Protegendo-se contra um “apetite inesgotável por dados pessoais”
A ordem executiva visa a privacidade de dados, uma área na qual o Congresso prometeu atuar durante anos, apresentando projetos de lei bipartidários sem nunca aprovar uma lei federal.
A ordem orienta as agências federais a definirem diretrizes sobre como coletam, usam e compartilham informações pessoais obtidas de corretores de dados. Também incentiva as agências a adotarem proteções de privacidade mais fortes.
Falando aos repórteres no domingo, o alto funcionário da Casa Branca aludiu à paralisação da legislação. “O presidente não está apenas esperando que o Congresso aja”, disse a autoridade.
Caitriona Fitzgerald, vice-diretora do Centro de Informações sobre Privacidade Eletrônica, elogiou a abordagem de estabelecer limites de coleta de dados para as agências federais, observando que os contratos governamentais muitas vezes podem estabelecer padrões para a indústria de tecnologia como um todo. No entanto, ela disse que o pedido ainda deixou uma lacuna ao não abordar a privacidade dos dados do consumidor – uma política que precisaria vir do Capitólio.
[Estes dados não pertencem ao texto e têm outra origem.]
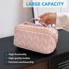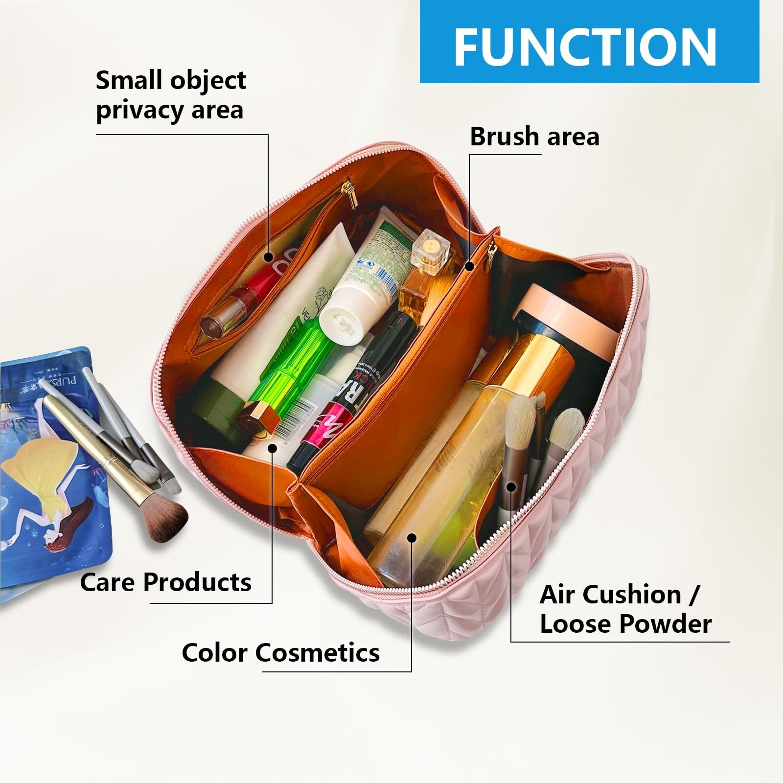 Makeup Bag, Leather Waterproof Portable Travel Toiletry Bag, Open Flat Compartment Cosmetic Bag for Toiletries Accessories Brushes, Make Up Bag Pink Product Details Color: Pink Brand: Eowihor MPN: S-101 UPC: 752790231316 EAN: 0752790231316 Product Dimensions: 9.8 x 5.1 x 4.3 inches Item Weight: 9.6 ounces Country of Origin: China Item model number: S-101 Detailed DesignThis Pink Wheatsheaf Cosmetic Bag has 5 divisions inside the makeup bag can well divide your skincare products, makeup and makeup tools, easy to store items in an orderly manner. And one of the small pockets on one side is zipper design, convenient to put some small or private objects. The zipper is made of exquisite hardware, smooth and texture. Convenient access The wide opening design of the makeup organizer can be opened 180, so you can see all the cosmetics at a glance. It can also be closed easily and quickly after use. Large Capacity DesignThis make up bag for woman measures 9.84*4.33*5.12 inches, which provides plenty of space for your cosmetics and toiletries, easy to store and more convenient for traveling. Excellent Material The fabric of this cosmetic Bag is made of high quality PU leather, soft, lightweight and durable. The waterproof material can be easily cleaned with a damp cloth or wet paper towel if cosmetics are accidentally spilled. Quality After-sales In case you have any questions or need help with our cosmetic bag, you can contact us at the first time, we will help you solve the problem within 24 hours, so that you can have no worries after the sale.
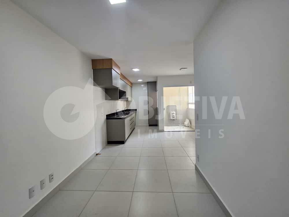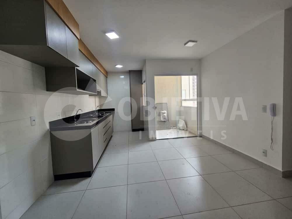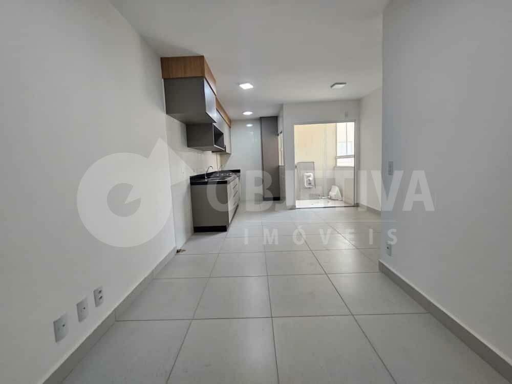 Apartamento para alugar no bairro Laranjeiras, em Uberlândia. Com 57 metros quadrados, 2 quartos, sendo 1 suíte e 1 vaga de garagem. O imóvel possui sala conjugada com cozinha planejada com armário e fogão cooktop, sacada com linda vista panorâmica, banheiro social, área de serviço, piso em porcelanato e iluminação em LED. O banheiro da suíte conta com armário, box em blindex na cor preta e espelho. Localizado em andar alto, o apartamento oferece conforto e praticidade. O condomínio dispõe de portão eletrônico, interfone, gás canalizado, 2 elevadores, salão de festas, espaço gourmet com churrasqueira a carvão e portaria 24 horas. Imóvel novo, primeira locação.

“Ainda precisamos que o Congresso aprove uma lei de privacidade abrangente para implementar disposições de minimização de dados”, disse Fitzgerald. “Sem regras de minimização de dados, a corrida armamentista da IA continuará a alimentar esse apetite inesgotável por dados pessoais.”
A questão do financiamento
O sucesso da Casa Branca na concretização das ambições da ordem executiva dependerá em grande parte da capacidade das agências federais de cumprir as suas exigências.
O pedido inclui a criação de forças-tarefa para lidar com questões como o aumento da força de trabalho federal de IA e o planejamento para a implantação responsável de IA na área da saúde.
Financiar esses esforços requer ação no Congresso, que tem estado envolvido em lutas pela presidência da Câmara e numa potencial paralisação do orçamento do próximo ano.
“Emitir o EO é o primeiro passo. Agora vem a batalha orçamental, depois vem a implementação”, disse Divyansh Kaushik, diretor associado de tecnologias emergentes e segurança nacional da Federação de Cientistas Americanos. “Há muitas coisas que as pessoas estarão procurando no próximo ano.”
Alfred Ng contribuiu para este relatório.